LATINA – I giudici del Tribunale Amministrativo Regionale del Lazio hanno respinto la richiesta di sospensione del provvedimento con cui il Ministero dell’Interno ha revocato il programma speciale di protezione a Maurizio Zuppardo, ex collaboratore di giustizia di Latina. La decisione è legata ai suoi atteggiamenti provocatori durante le udienze, ma soprattutto al suo comportamento sui social network, dove ha esposto il proprio volto in dirette su TikTok, rivelando anche dettagli utili alla localizzazione del suo domicilio sotto copertura.
Il collegio dei giudici della sezione Prima Ter ha ritenuto non sussistenti i presupposti per accogliere la domanda cautelare di Zuppardo e ha confermato il provvedimento adottato dalla Commissione Centrale durante la riunione del 25 settembre scorso. L’ordinanza del Tar, pubblicata il 28 gennaio, ha inoltre condannato Zuppardo al pagamento delle spese processuali, pari a mille euro.
Violazioni ripetute e comportamento irresponsabile
Nelle motivazioni, i giudici hanno evidenziato come l’ex collaboratore sia stato protagonista di numerose violazioni comportamentali, ignorando le ripetute diffide ricevute. Un elemento determinante è stato il parere negativo espresso dalla Direzione Distrettuale Antimafia di Roma e dalla Direzione Nazionale Antimafia e Antiterrorismo, che hanno sottolineato la gravità dei comportamenti di Zuppardo, arrivando a mettere in dubbio la sua credibilità come testimone nei processi in corso.

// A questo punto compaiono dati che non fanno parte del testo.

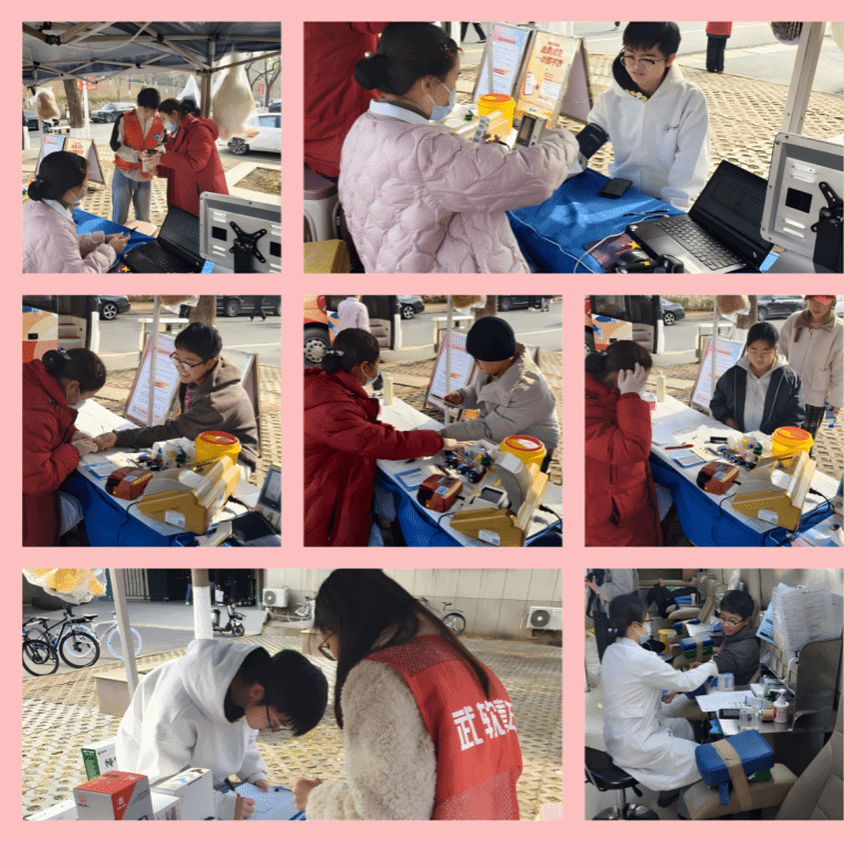 献血车前,师生们有序地排起长队,在工作人员和志愿者的引导下,依次进行信息登记、健康检查。活动现场分为登记区、体检区和采血区,每个区域都有专业人员提供服务,确保整个献血流程科学、安全、高效。在登记区,志愿者们耐心解答疑问,协助填写表格;体检区内,医护人员细致地为每位献血者进行健康筛查;采血车上,专业护士以娴熟的技术完成采血,全程关注献血者状态。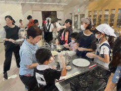 その後、ローズWAMに移動して、「いばらき自炊塾」のスタッフとして活動しました。新米で作ったおにぎりや、新鮮な野菜をふんだんに使った具だくさんのお味噌汁(茨木市産の龍王味噌、伏見屋さんのお豆腐、油揚げをたくさん使いました!)などを、参加した子どもたちや保護者の皆さんに召し上がっていただきました。ひと汗かいた後の食事は格別でした。とても充実した時間になりました。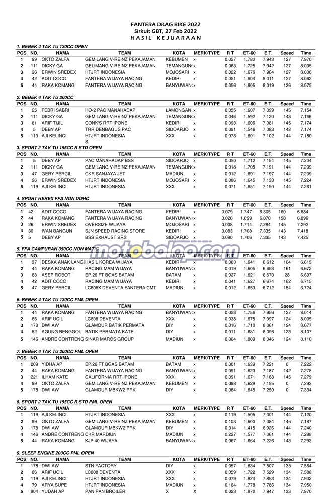Di bawah ini merupakan hasil Kejuaraan Fantera Drag Bike 2022 adalah sebagai berikut: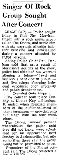 - 1969: The Doors "Miami Incident" takes place

Secondo i giudici, «i comportamenti disdicevoli evidenziati e documentati dai difensori degli imputati non contribuiscono a fornire un quadro di incontrovertibile serietà e credibilità al soggetto». La propensione al mendacio e gli atteggiamenti di prevaricazione hanno portato a ritenere la revoca del programma di protezione un atto necessario per preservare l’affidabilità del sistema di giustizia.
Protezione ordinaria per Zuppardo e i familiari più a rischio
Nonostante la revoca del programma speciale, il Tar ha precisato che Zuppardo e i suoi familiari continueranno a beneficiare, per un periodo di transizione, delle misure ordinarie di protezione, adeguate al livello di rischio, come previsto per tutti gli ex collaboratori di giustizia in fase di reinserimento.

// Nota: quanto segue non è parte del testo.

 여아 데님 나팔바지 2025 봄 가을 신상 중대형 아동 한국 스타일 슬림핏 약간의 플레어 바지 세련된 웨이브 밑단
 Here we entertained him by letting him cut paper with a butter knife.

Il comportamento di Zuppardo, già censurato dalla Dda, rischia di compromettere la tenuta delle sue dichiarazioni nei processi in corso, sollevando dubbi sulla sua attendibilità intrinseca. Una vicenda che pone l’attenzione sul delicato equilibrio tra la tutela dei collaboratori e la necessità di garantire serietà e correttezza all’interno del sistema giudiziario.